Every alert threshold is an opinion about the system’s behavior. We learned to treat alert configuration with the same seriousness as application code, because a poorly tuned alert is worse than no alert. False positives train people to ignore notifications. False negatives let real problems grow silently.

Our approach now is to start with zero alerts on a new service and add them only when we can articulate the sentence: “If this condition is true, someone needs to act within X minutes.” If we cannot fill in the blanks, we are not ready for an alert. We might be ready for a dashboard.

Dashboards tell stories

A log line is a fact. A dashboard is a narrative. The act of deciding which metrics to put on a dashboard is an exercise in understanding what the system’s story should look like when things are healthy.

We build dashboards around user-facing outcomes, not internal mechanics. “Successful task completions per hour” is more useful than “database query count.” The internal metrics still exist for debugging, but the top-level view should reflect what the system is for, not how it works.
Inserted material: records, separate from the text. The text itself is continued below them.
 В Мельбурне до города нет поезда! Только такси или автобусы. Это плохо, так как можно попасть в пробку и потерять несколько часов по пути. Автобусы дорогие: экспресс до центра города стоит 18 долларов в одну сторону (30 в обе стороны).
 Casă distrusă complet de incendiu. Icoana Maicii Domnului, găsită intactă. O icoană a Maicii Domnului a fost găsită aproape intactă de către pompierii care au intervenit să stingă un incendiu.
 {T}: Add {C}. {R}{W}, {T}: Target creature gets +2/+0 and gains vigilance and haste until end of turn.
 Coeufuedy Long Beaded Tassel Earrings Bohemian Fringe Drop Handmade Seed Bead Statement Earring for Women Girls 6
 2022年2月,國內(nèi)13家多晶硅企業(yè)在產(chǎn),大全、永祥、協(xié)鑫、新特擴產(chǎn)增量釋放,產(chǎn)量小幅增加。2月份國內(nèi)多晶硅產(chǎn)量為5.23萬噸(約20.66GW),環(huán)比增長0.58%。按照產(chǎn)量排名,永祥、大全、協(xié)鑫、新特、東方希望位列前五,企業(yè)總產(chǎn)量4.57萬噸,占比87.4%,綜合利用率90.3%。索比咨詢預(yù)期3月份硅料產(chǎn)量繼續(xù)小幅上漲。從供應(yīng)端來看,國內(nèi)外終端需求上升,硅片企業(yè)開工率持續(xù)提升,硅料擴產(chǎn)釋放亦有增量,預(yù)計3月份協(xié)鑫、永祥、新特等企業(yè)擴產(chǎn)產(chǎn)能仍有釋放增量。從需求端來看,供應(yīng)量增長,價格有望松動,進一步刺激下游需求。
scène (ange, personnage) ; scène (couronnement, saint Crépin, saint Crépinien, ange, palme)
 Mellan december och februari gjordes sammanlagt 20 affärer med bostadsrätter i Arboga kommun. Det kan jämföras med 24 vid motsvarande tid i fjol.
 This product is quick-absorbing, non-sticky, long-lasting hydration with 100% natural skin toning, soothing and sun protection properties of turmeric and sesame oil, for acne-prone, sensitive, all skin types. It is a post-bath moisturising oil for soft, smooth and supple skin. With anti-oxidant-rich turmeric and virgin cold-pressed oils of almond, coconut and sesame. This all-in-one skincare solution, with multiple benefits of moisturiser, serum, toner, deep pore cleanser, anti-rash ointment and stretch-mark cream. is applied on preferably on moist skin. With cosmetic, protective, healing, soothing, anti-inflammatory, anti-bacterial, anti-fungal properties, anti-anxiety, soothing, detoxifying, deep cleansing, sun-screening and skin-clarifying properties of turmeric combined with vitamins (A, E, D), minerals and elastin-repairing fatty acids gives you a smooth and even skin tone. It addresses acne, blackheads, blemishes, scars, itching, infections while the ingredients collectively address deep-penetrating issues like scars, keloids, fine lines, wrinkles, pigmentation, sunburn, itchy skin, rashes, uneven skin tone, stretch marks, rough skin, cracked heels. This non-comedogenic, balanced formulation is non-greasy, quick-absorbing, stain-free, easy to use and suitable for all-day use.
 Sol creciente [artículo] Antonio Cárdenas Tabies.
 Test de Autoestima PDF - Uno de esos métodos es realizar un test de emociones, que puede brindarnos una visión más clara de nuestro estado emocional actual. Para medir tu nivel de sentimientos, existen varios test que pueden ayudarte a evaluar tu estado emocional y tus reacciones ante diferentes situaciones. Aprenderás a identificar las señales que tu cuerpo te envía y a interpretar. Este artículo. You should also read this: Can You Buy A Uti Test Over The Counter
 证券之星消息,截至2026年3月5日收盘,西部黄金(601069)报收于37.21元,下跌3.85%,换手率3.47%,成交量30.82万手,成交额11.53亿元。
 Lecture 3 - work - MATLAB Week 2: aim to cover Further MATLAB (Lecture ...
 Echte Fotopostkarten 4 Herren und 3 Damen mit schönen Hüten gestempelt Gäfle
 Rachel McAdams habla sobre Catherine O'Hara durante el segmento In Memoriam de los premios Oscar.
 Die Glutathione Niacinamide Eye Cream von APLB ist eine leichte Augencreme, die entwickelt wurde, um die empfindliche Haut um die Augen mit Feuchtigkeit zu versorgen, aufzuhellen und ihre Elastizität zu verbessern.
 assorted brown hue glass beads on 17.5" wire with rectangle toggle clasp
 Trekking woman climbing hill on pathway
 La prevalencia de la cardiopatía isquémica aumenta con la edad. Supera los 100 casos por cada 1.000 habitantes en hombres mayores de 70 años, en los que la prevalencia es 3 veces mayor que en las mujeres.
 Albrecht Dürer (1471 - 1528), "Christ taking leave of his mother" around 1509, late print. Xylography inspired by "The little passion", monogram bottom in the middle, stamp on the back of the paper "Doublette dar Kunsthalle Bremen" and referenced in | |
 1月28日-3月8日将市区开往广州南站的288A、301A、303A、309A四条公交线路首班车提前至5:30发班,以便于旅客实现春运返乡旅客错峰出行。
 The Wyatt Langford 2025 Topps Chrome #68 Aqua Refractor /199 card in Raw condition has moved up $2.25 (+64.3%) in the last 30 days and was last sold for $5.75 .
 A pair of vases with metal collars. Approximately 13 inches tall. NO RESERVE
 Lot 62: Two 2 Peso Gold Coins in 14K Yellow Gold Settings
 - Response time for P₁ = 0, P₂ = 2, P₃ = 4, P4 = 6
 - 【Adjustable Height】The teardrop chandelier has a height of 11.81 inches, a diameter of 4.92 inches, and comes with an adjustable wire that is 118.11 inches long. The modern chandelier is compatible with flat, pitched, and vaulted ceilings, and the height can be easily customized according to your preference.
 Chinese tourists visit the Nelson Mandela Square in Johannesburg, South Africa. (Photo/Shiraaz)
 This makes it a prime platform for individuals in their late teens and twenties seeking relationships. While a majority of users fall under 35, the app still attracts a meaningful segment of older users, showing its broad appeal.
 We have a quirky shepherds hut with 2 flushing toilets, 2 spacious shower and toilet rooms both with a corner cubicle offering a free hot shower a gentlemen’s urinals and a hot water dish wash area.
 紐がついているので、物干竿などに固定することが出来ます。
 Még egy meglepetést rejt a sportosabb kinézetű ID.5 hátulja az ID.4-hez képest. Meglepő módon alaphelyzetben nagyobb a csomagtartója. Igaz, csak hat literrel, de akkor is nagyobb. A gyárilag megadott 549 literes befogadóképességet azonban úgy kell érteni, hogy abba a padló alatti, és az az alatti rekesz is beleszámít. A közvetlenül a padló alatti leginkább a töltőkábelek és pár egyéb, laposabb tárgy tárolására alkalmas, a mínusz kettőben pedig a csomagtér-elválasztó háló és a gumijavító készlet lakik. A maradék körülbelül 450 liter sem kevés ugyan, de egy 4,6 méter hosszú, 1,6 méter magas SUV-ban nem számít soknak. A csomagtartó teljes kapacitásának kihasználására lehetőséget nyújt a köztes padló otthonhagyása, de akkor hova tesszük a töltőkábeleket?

One pattern that has served us well is the “yesterday vs. today” overlay. Comparing today’s traffic shape to yesterday’s makes anomalies immediately visible. A spike that looks alarming in isolation might be perfectly normal when you see it happens every day at the same time. A flat line that looks fine might be alarming when yesterday’s chart shows a peak that is missing today.

The feedback loop nobody talks about

The most valuable thing about good observability is not faster incident response. It is the feedback loop it creates between operations and development.

When we can see how code behaves in production, we write different code. We add context to error messages because we know we will be reading them later. We add timing around slow operations because we know the dashboard will surface them. We think about failure modes earlier, not because we are paranoid, but because we have seen what neglected failure modes look like in the logs at 3 AM.

This feedback loop is quiet. It does not show up in sprint metrics or architecture diagrams. But it is one of the most reliable ways we have found to improve code quality over time. The systems we observe closely are the systems we understand best, and the systems we understand best are the ones that break the least.

Investing in observability before you need it feels like overhead. After you have needed it once, it feels like the bare minimum.